Set between World Wars, the movie focuses on a trio of odd-duck friends who find themselves at the center of a murder mystery and conspiracy.

Christian Bale plays Burt Berendsen, a Park Avenue doctor who reluctantly joins the army during WWI. Burt is assigned command of an all African-American regiment and that is where he meets the headstrong Harold Woodman (John David Washington, who, in spite of starring turns in “BlacKkKlansman” and “Tenet,” I, in my ignorance, only just now learned he is also the son of the great Denzel Washington).

Harold and Burt form a pact to watch each other’s backs, but when they both are terribly injured during battle, their pact extends to a third member, Valerie (Margot Robbie), a free-spirited nurse who patches the boys up.

The trio abscond to Amsterdam and while the boys recuperate, Harold and Valerie strike up a romance with Burt as the welcome, goofball third-wheel.

Fast-forward to the mid-1930s and Burt and Harold are back in New York with Burt treating veterans via unconventional means and Harold, now a lawyer, representing them in court.
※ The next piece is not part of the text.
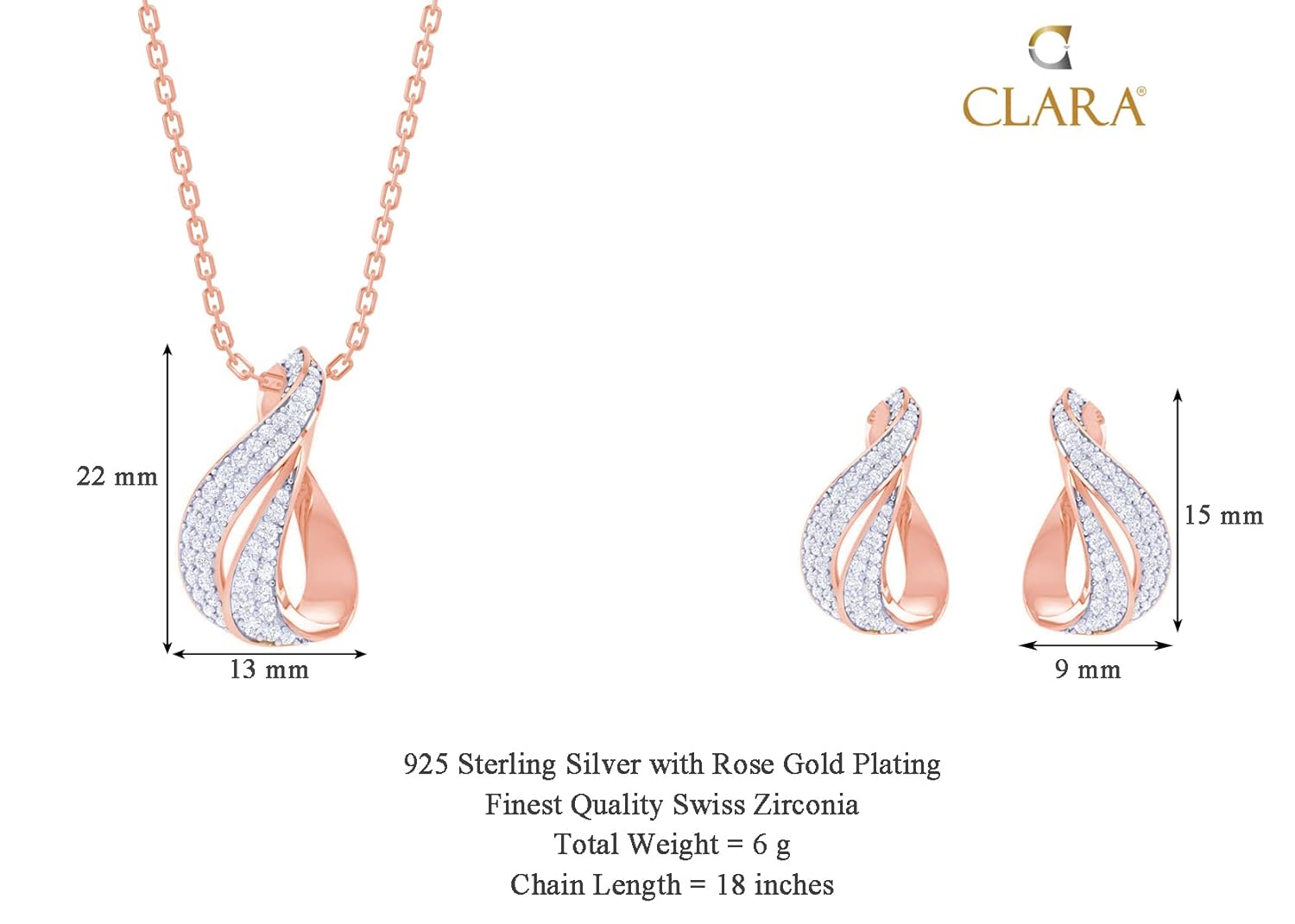 Made in Pure 92.5 % Real Sterling Silver. 925 stamp will be on every product. 18″ Long 92.5 % Pure Sterling Silver Link Chain will be provided with this Pendant earring set. Swiss Zirconia – As brilliant As Diamond is used. Sparkle of our specially cut zirconia is very much equivalent to Real Diamond and even professionals can not differentiate with naked eyes whether it is Zirconia or Diamond. 2 Microns Thick Rose Gold Plating is done to give beautiful Rose Gold look. Product comes in a very elegant gift box with CLARA Authenticity Card. Earrings comes with Screw Back for comfortable wear and real looks.

But when their old commanding officer turns up dead, the boys find themselves in the middle of a vast conspiracy.

I was rooting for this movie like crazy. The cast is great, especially Bale running around with a glass eye doing Christian-Bale things. The central mystery is intriguing, loosely based on historical fact. The look of the movie is incredible with great sets and wardrobes and the supporting cast is an embarrassment of riches with the likes of Anya Taylor-Joy, Chris Rock, Michael Shannon, Mike Myers, Taylor Swift, Zoe Saldana, Rami Malek and Robert De Niro just walking into a scene for a handful of lines and then walking back out again.

The problem with “Amsterdam” is that Russel can’t decide if the movie is about the crazy mystery and all the weirdos swirling around it, or if it’s about the unconventional relationship between the three leads with intrigue swirling in the background.

Instead, he tries to make it do both things and winds up with a great-looking, exceptionally-acted movie that amounts to nothing.

“Amsterdam” is proof that just because you have all the right pieces in place, it’s still possible to screw it up.

“Amsterdam” is rated R for brief violence and bloody images.